Before you proceed with the example code, there are two aspects of the Streaming XML Parser of which you should be aware:

These topics are discussed below.

Reporting CDATA Events

The javax.xml.stream.XMLStreamReader implemented in the Streaming XML Parser does not report CDATA events. If you have an application that needs to receive such events, configure the XMLInputFactory to set the following implementation-specific report-cdata-event property:

XMLInputFactory factory = XMLInptuFactory.newInstance();

factory.setProperty("report-cdata-event", Boolean.TRUE);

Streaming XML Parser Factories Implementation

Most applications do not need to know the factory implementation class name.
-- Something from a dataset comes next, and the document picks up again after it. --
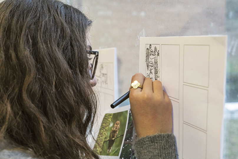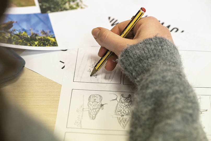 Tels de vrais illustrateurs, les élèves ancrent leurs crayonnés par transparence. Et voilà ce « chat-huant » gravé dans le marbre du papier.© CD92/Olivier Ravoire

Just adding the javaee.jar and appserv-ws.jar files to the classpath is sufficient for most applications because these two jars supply the factory implementation classname for various Streaming XML Parser properties under the META-INF/services directory—for example, javax.xml.stream.XMLInputFactory, javax.xml.stream.XMLOutputFactory, and javax.xml.stream.XMLEventFactory—which is the third step of a lookup operation when an application asks for the factory instance. See the Javadoc for the XMLInputFactory.newInstance method for more information about the lookup mechanism.

However, there may be scenarios when an application would like to know about the factory implementation class name and set the property explicitly. These scenarios could include cases where there are multiple JSR 173 implementations in the classpath and the application wants to choose one, perhaps one that has superior performance, contains a crucial bug fix, or suchlike.
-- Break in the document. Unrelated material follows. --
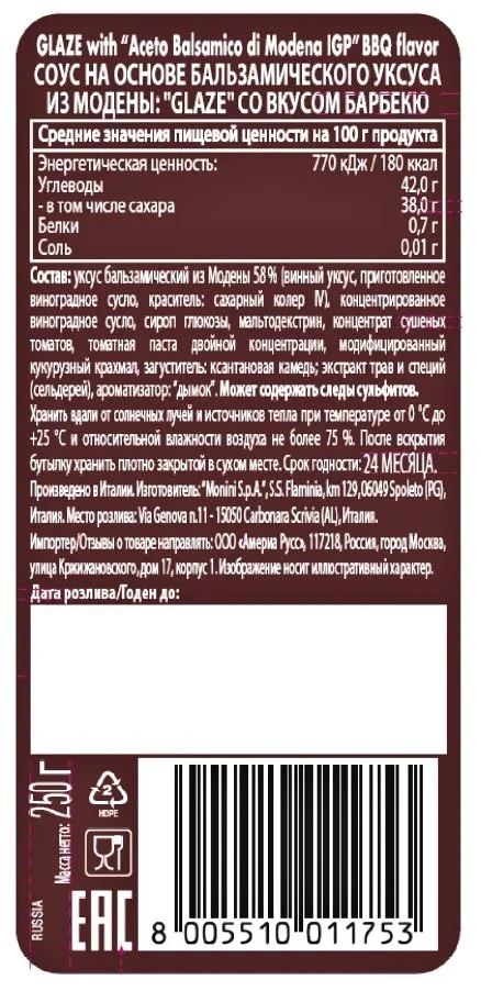 Соус на основе бальзамического уксуса Monini Glaze из Модены со вкусом барбекю, 250мл

If an application sets the SystemProperty, it is the first step in a lookup operation, and so obtaining the factory instance would be fast compared to other options; for example:

javax.xml.stream.XMLInputFactory -->

     com.sun.xml.stream.ZephyrParserFactory
javax.xml.stream.XMLOutputFactory -->
     com.sun.xml.stream.ZephyrWriterFactor
javax.xml.stream.XMLEventFactory -->
     com.sun.xml.stream.events.ZephyrEventFactory

Example Code

This section steps through the example StAX code included in the JAXP reference implementation bundle. All example directories used in this section are located in the INSTALL_DIR /jaxp- version /samples/stax directory.
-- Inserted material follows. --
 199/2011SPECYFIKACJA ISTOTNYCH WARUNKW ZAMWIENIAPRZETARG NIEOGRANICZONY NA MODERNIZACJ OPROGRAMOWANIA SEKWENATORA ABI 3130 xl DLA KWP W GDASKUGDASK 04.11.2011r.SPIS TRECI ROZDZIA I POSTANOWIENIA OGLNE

The topics covered in this section are as follows:

Example Code Organization

The INSTALL_DIR /jaxp- version /samples/stax directory contains the six StAX example directories:

  • Cursor example: The cursor directory contains CursorParse.java, which illustrates how to use the XMLStreamReader (cursor) API to read an XML file.
  • Cursor-to-Event example: The cursor2event directory contains CursorApproachEventObject.java, which illustrates how an application can get information as an XMLEvent object when using the cursor API.
  • Event example: The event directory contains EventParse.java, which illustrates how to use the XMLEventReader (event iterator) API to read an XML file.
  • Filter example: The filter directory contains MyStreamFilter.java, which illustrates how to use the StAX Stream Filter APIs. In this example, the filter accepts only StartElement and EndElement events, and filters out the remainder of the events.
  • Read-and-Write example: The readnwrite directory contains EventProducerConsumer.java, which illustrates how the StAX producer/consumer mechanism can be used to simultaneously read and write XML streams.
  • Writer example: The writer directory contains CursorWriter.java, which illustrates how to use XMLStreamWriter to write an XML file programatically.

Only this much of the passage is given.